▸ Goal of the exercise
Below are lines of records; copy exactly those from the one containing "最初から曲線を描くのは、ペン" through the one containing "Edinilen bilgilere göre, İl", leaving the pictures behind.

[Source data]
-- Opening Marker --
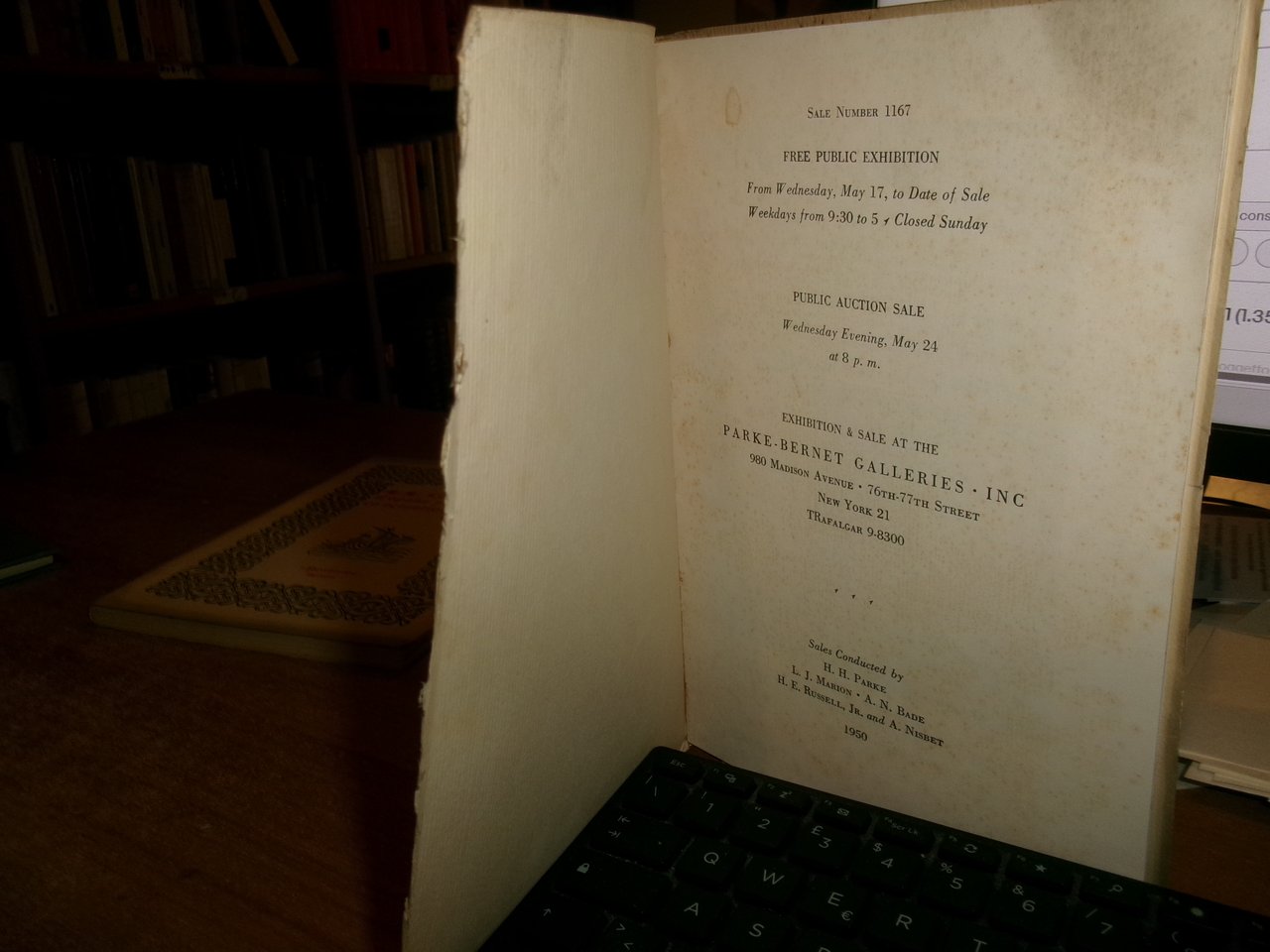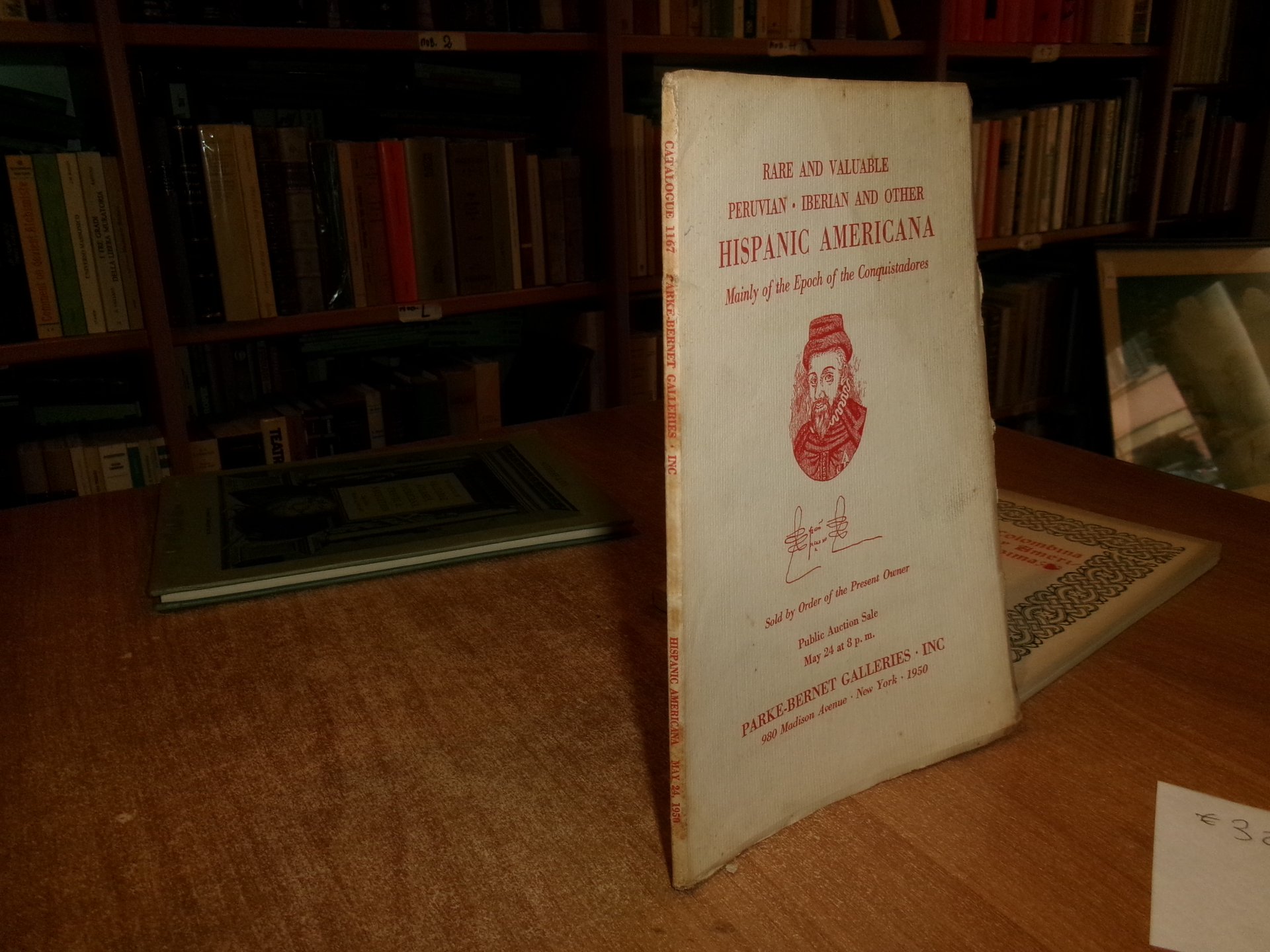 PARKE-BERNET GALLERIES. New York, 1950. Rare And Valuable Peruvian. Iberian and Other HISPANIC AMERICANA. Mainly of the Epoch of the Conquistadores... In-8°, br. orig. (vi), 69 pp. con alcune riproduzioni n.t. Segni del tempo nelle copertine ma ben conservato con testo in inglese. Neg. mob. E entro busta trasp.
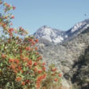 Close-up of red berries with mountains in background.
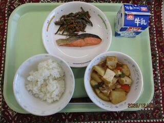 12月16日(火曜日) ごはん・鮭の塩焼き・茎わかめとツナのきんぴら・豚肉とじゃがいものうま煮・牛乳
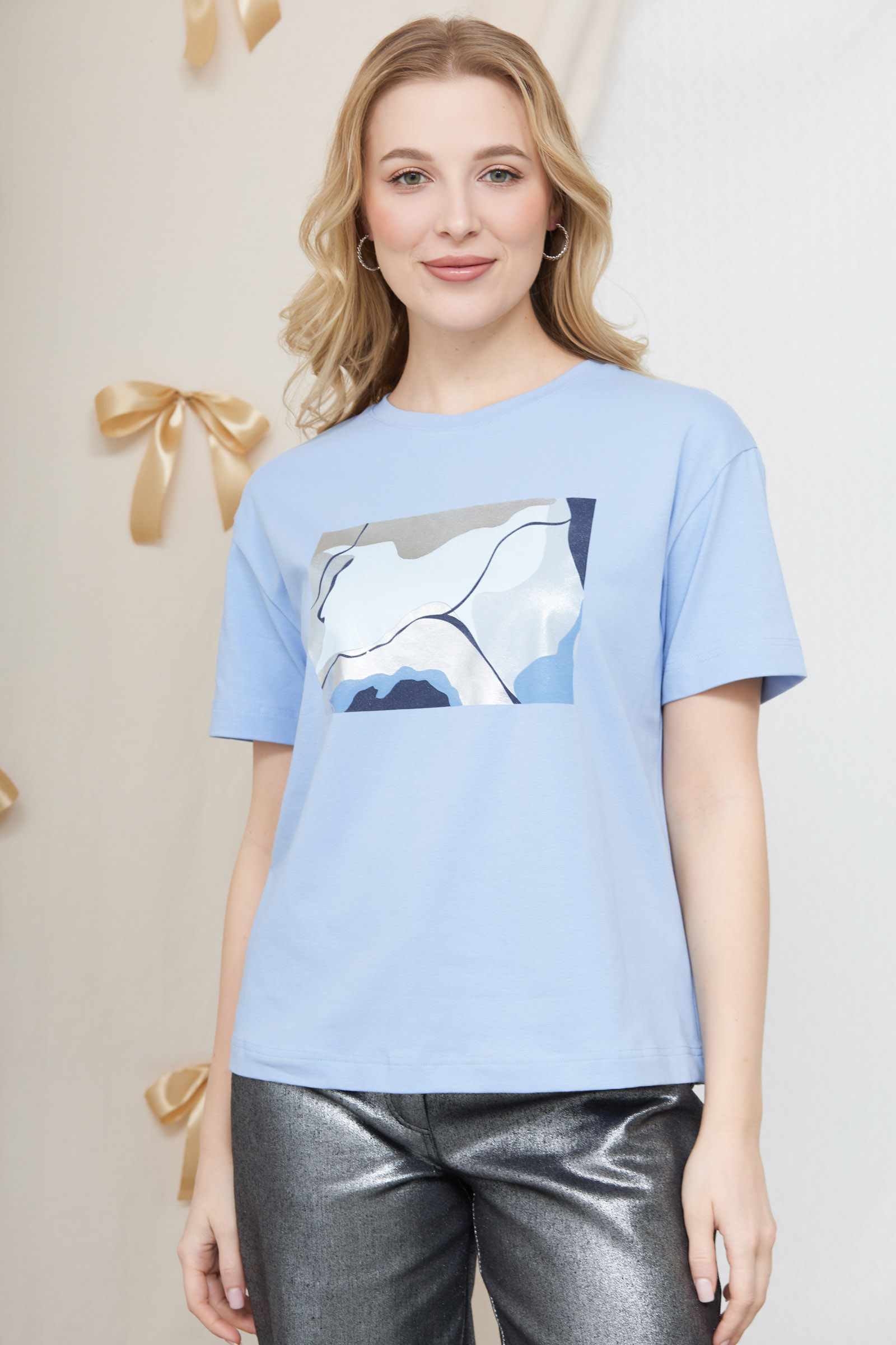 Футболка из мягкого хлопкового трикотажа с блестящим печатным принтом.
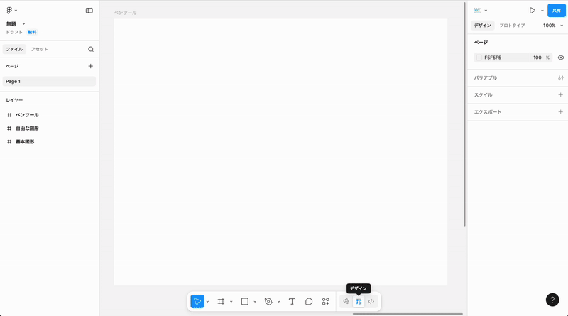 最初から曲線を描くのは、ペンツール操作では若干難しいので、Figmaは、直線を描いてから曲線に変えることもできます。
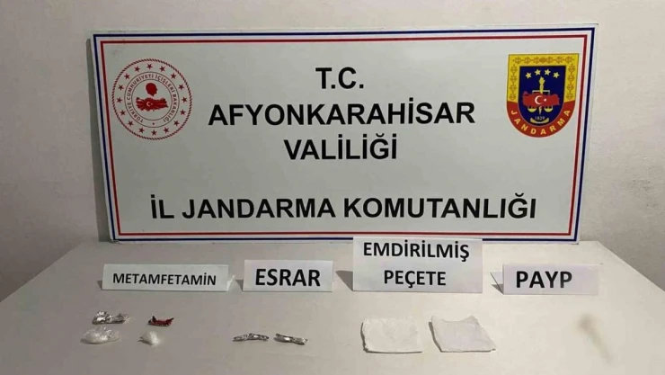 Edinilen bilgilere göre, İl Jandarma Komutanlığı ekipleri S.Ö. ve H.A.Ş. isimli şahısların uyuşturucu madde ticareti yaptıkları yönünde aldıkları istihbarat üzerine harekete geçti. Ekipler şüphelilerin kullandıkları aracı Bolvadin ilçesine bağlı Dişli beldesinde durdurarak arama yaptı. Aramada 4 gram alüminyum folyoya sarılı esrar, 5 gram metamfetamin ve uyuşturucu kullanma aparatı ele geçirildi.
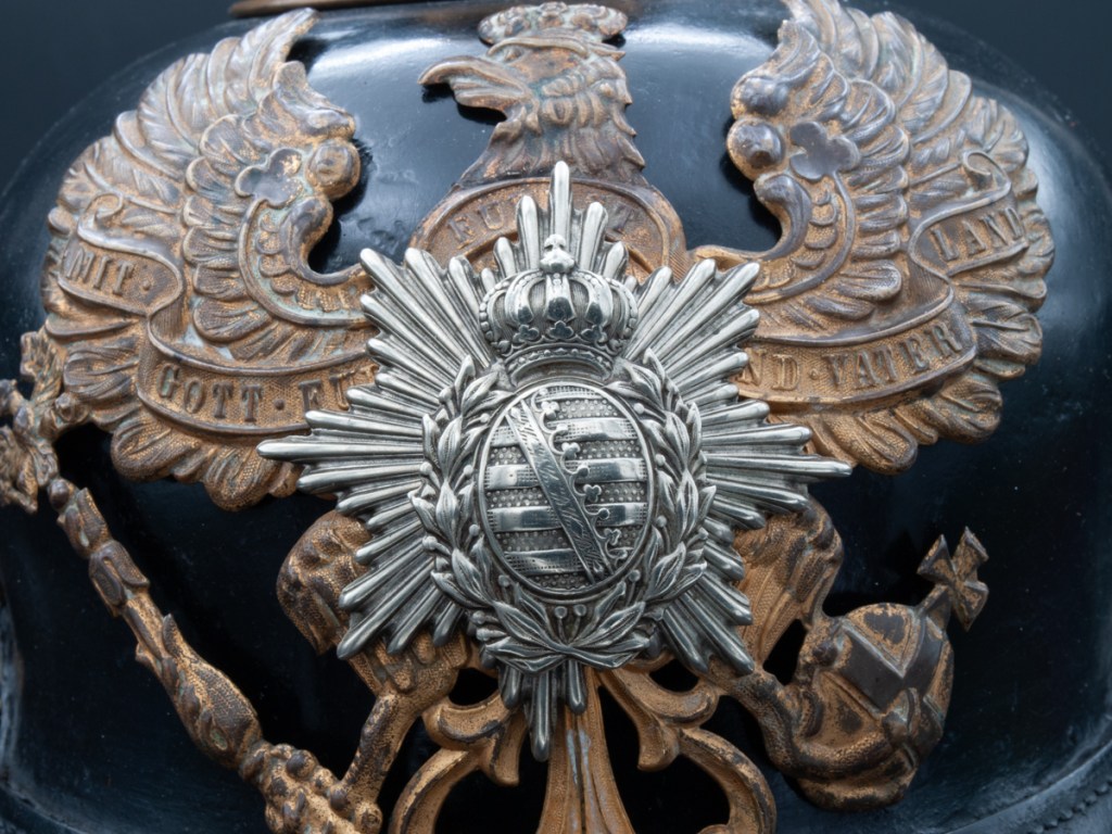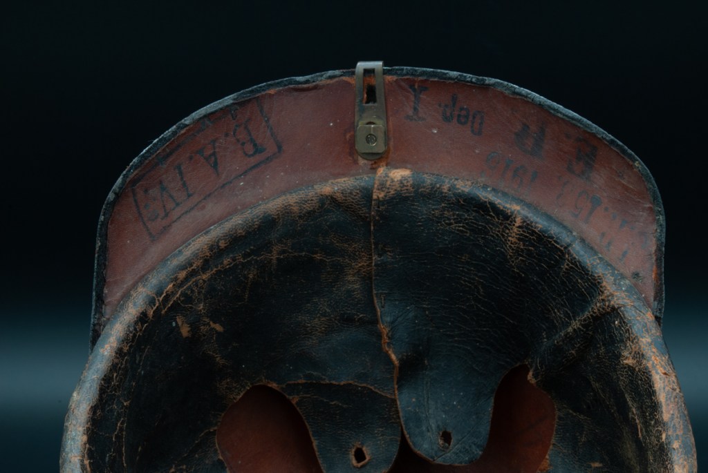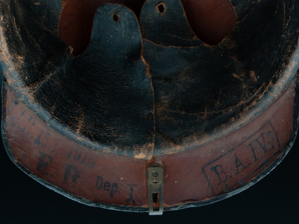 The frontplate is the Prussian style brass eagle but rather than “Mit Gott für König (king) und Vaterland” the banner reads “Mit Gott für Fuerst (prince or sovereign) und Vaterland” which is correct for a duchy like Saxe-Altenburg versus a kingdom like Prussia. Mounted on the eagle front plate is a silver star and Saxon crest surround on both sides by laurel leaves. The frontplate is secured to helmet body by leather pieces which appear original. The rear visor is nicely marked “I.R. 153” and “E.R.” which stands for “Ersatz Regiment.” The ersatz regiments were initially meant to train and supply replacements for active regiments although many were upgraded from training units to active service during the war. The “B.A. IV” stamp on stands for Bekleidungsamt IV, indicating the helmet was inspected and issued by the 4th Clothing Depot (Clothing Depot/Army Corps District IV). This is the correct army corps district for I.R. 153. This helmet is in excellent condition. It is clearly dated “1916” and this correct as the Germans continued to use brass trim on pickelhaubes until they used up existing stocks. It is a beautiful example of a rare regimental helmet.
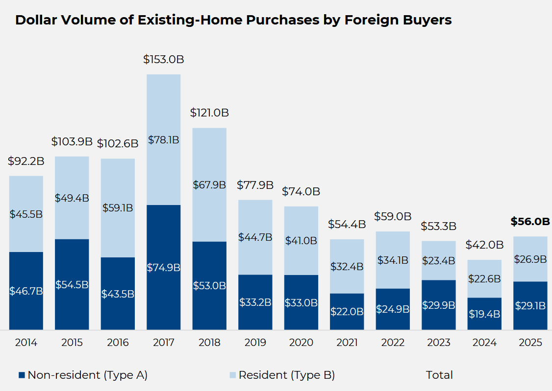 $56 billion a “record”??? LOL, that’s a big-fat malicious LIE. Purchases in dollar terms collapsed by 63% in 2025 from the ACTUAL RECORD year, 2017, when foreign buyers bought $153 billion in homes. In 2018, they bought $121 billion. There were four years with over $100 billion in purchases.
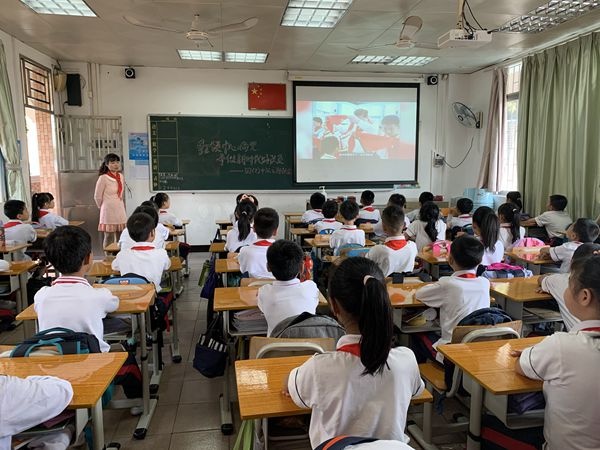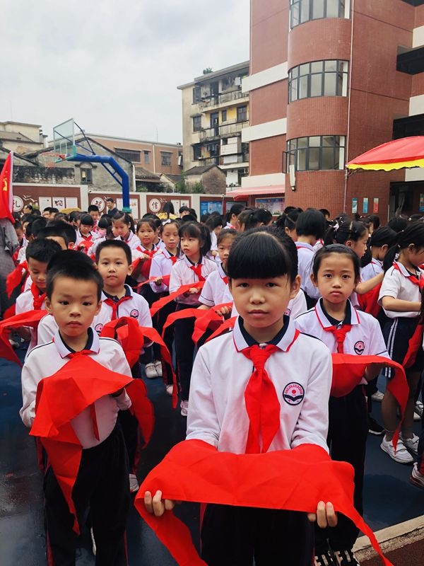 活動(dòng)主題是童心永向黨,爭(zhēng)做新時(shí)代好隊(duì)員。全體立正,儀式開(kāi)始。出旗,奏出旗曲,全體隊(duì)員敬禮,唱隊(duì)歌,大隊(duì)委員會(huì)宣讀組建二年級(jí)少先隊(duì)組織決定,大隊(duì)輔導(dǎo)員張志婷老師宣布新隊(duì)員名單。三年級(jí)隊(duì)員為新隊(duì)員及新輔導(dǎo)員授紅領(lǐng)巾,佩戴好紅領(lǐng)巾后互敬隊(duì)禮;新隊(duì)員宣誓,由大隊(duì)輔導(dǎo)員領(lǐng)誓;然后吳嬋娟主任為新建中隊(duì)授中隊(duì)旗,為新建中隊(duì)聘請(qǐng)中隊(duì)輔導(dǎo)員,授聘書(shū);新隊(duì)員代表區(qū)艷明老師講話,大隊(duì)輔導(dǎo)員講話,呼號(hào),退旗,奏退旗曲,全體隊(duì)員敬禮。整個(gè)儀式在圓滿和諧的氣氛中圓滿落下帷幕。
-- Closing Marker --
▸ Exercise solution
 最初から曲線を描くのは、ペンツール操作では若干難しいので、Figmaは、直線を描いてから曲線に変えることもできます。
 Edinilen bilgilere göre, İl Jandarma Komutanlığı ekipleri S.Ö. ve H.A.Ş. isimli şahısların uyuşturucu madde ticareti yaptıkları yönünde aldıkları istihbarat üzerine harekete geçti. Ekipler şüphelilerin kullandıkları aracı Bolvadin ilçesine bağlı Dişli beldesinde durdurarak arama yaptı. Aramada 4 gram alüminyum folyoya sarılı esrar, 5 gram metamfetamin ve uyuşturucu kullanma aparatı ele geçirildi.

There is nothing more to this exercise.